- **Data under study**:
::::

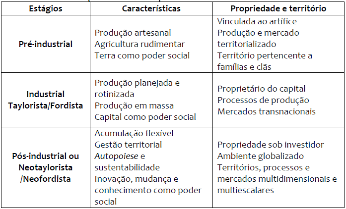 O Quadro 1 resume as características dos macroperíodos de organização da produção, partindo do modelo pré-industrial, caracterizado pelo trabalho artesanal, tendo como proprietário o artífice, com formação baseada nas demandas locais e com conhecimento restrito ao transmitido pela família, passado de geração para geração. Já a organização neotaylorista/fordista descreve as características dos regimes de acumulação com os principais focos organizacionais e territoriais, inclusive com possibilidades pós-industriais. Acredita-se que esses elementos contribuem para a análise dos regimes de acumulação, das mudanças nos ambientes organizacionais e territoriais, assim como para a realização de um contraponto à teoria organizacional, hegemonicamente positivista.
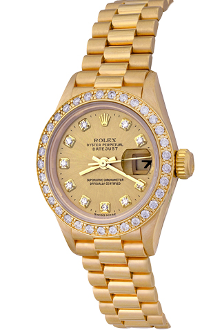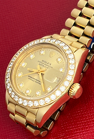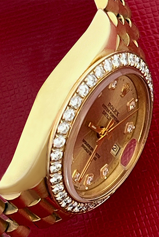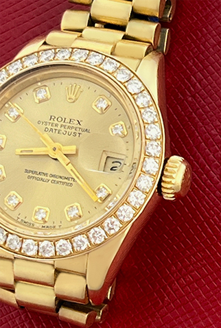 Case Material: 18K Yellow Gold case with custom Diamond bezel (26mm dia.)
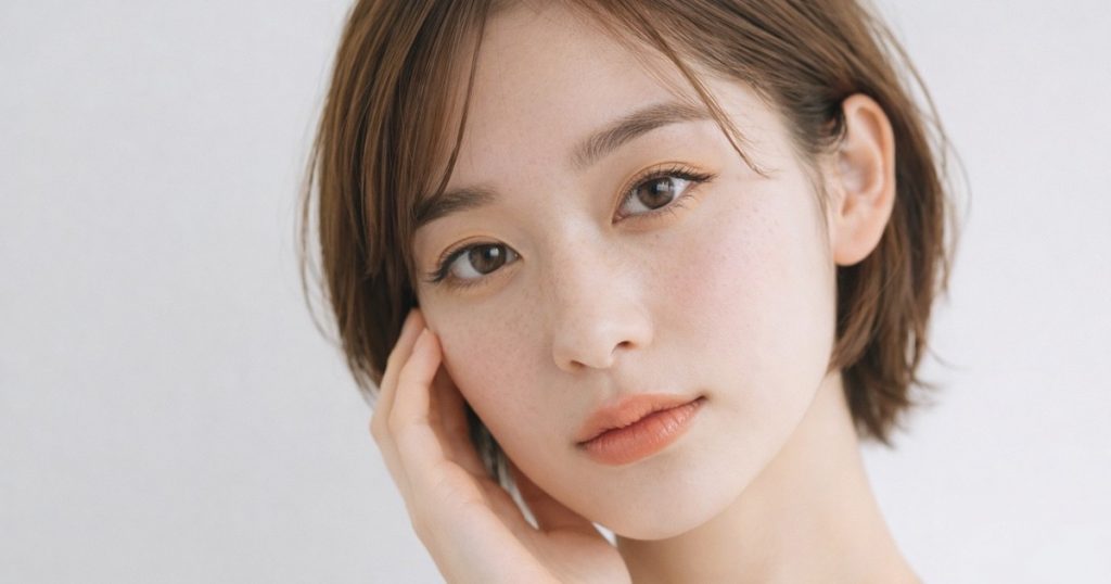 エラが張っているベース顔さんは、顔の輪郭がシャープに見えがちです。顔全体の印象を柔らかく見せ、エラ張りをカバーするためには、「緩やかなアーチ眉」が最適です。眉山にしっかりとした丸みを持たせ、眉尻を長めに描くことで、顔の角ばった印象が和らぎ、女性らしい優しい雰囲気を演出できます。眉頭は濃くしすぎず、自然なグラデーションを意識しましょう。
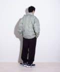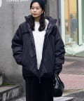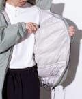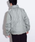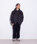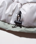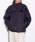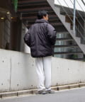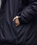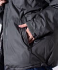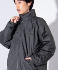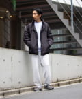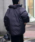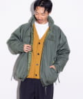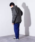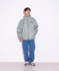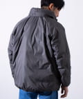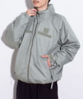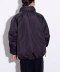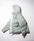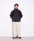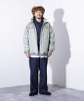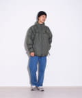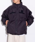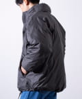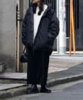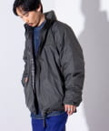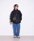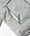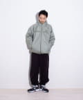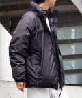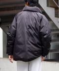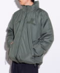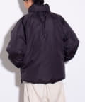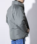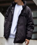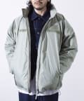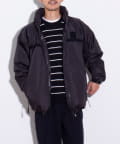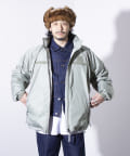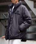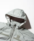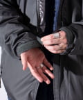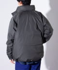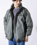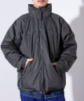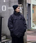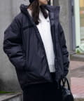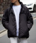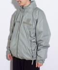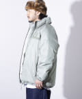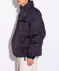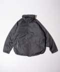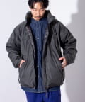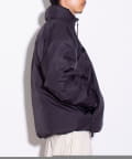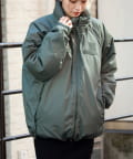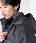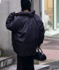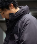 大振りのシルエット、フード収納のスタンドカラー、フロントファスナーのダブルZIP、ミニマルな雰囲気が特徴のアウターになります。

::::

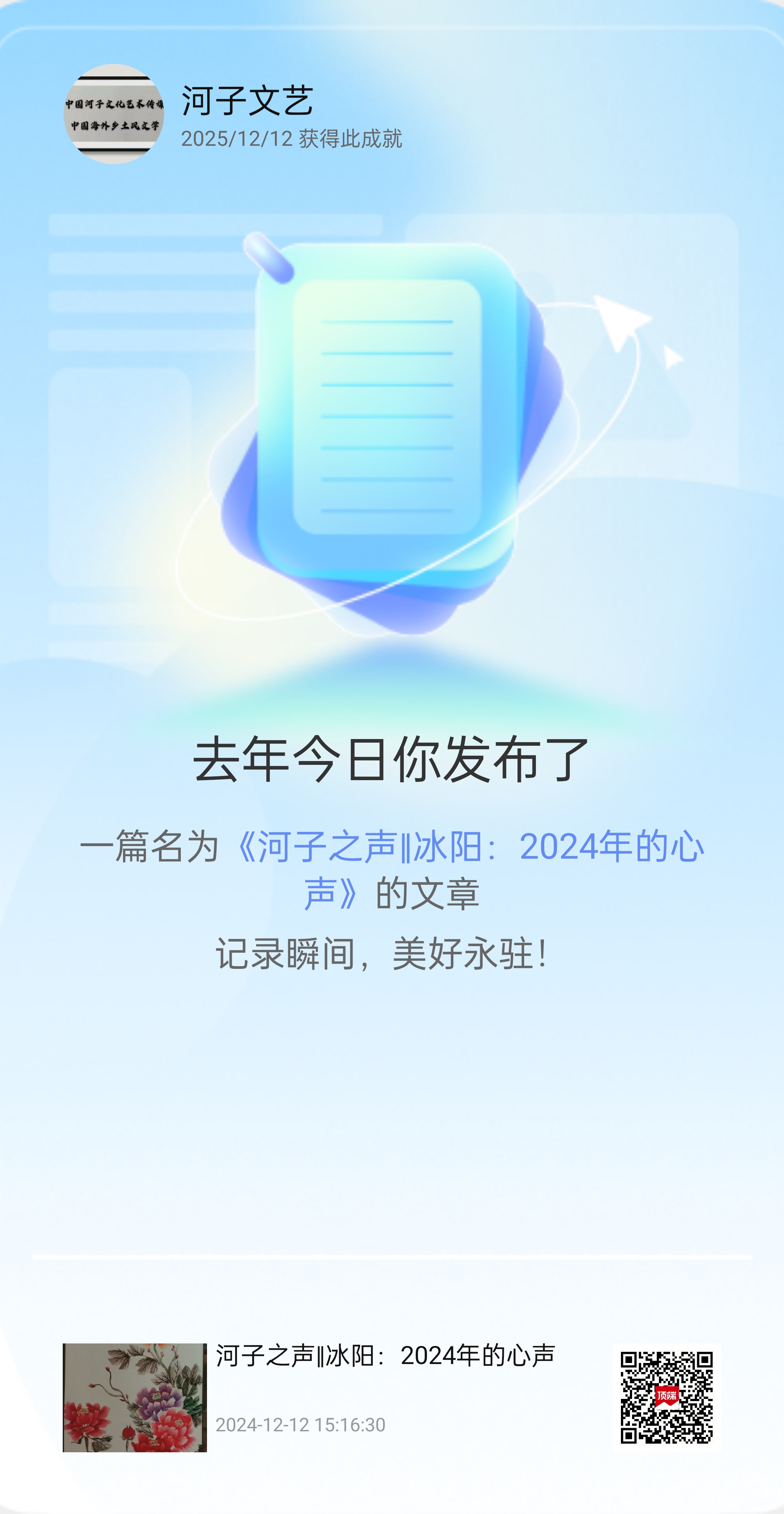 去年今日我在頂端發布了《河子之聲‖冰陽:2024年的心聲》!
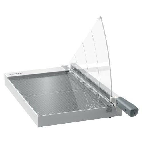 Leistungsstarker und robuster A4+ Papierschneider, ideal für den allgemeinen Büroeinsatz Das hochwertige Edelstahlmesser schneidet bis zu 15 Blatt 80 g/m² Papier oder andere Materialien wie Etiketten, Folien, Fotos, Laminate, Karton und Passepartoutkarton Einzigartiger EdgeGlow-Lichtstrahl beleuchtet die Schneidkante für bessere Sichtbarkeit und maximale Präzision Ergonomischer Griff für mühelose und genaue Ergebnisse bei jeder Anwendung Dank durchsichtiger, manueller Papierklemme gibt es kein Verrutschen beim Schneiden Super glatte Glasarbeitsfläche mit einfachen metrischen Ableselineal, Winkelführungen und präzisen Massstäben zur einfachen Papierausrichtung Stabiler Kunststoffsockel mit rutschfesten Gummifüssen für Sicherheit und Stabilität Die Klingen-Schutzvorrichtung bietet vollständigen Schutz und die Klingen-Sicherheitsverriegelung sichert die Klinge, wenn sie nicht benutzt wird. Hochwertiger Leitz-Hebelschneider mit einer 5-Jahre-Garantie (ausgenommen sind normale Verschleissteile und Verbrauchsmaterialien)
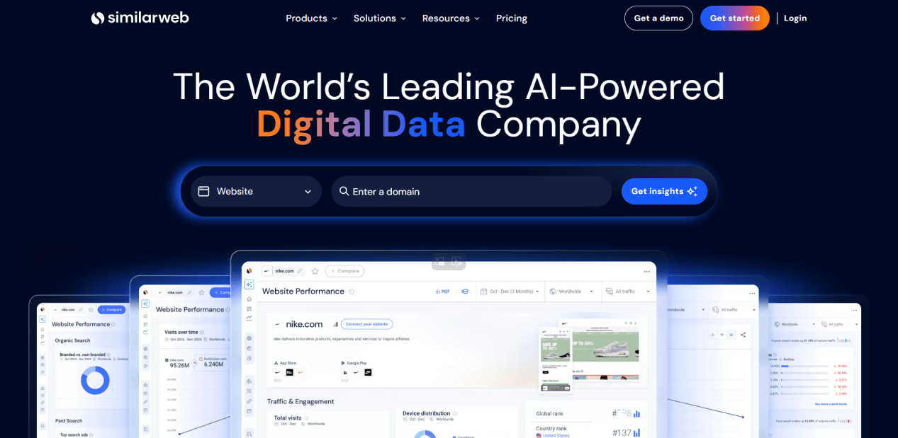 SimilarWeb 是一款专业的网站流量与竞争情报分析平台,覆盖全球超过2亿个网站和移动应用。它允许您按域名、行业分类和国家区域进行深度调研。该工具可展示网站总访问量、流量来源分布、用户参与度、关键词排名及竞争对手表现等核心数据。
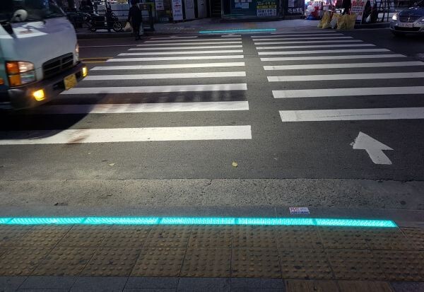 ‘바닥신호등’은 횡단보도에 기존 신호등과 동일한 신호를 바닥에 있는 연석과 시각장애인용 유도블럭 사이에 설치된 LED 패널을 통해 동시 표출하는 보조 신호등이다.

::::

- **The problem**: Of the lines above, copy only those from the one holding "SimilarWeb 是一款" to the one holding "표출하는 보조 신호등이다.", both included, and exclude every image.

- **Written solution**:
 SimilarWeb 是一款专业的网站流量与竞争情报分析平台,覆盖全球超过2亿个网站和移动应用。它允许您按域名、行业分类和国家区域进行深度调研。该工具可展示网站总访问量、流量来源分布、用户参与度、关键词排名及竞争对手表现等核心数据。
 ‘바닥신호등’은 횡단보도에 기존 신호등과 동일한 신호를 바닥에 있는 연석과 시각장애인용 유도블럭 사이에 설치된 LED 패널을 통해 동시 표출하는 보조 신호등이다.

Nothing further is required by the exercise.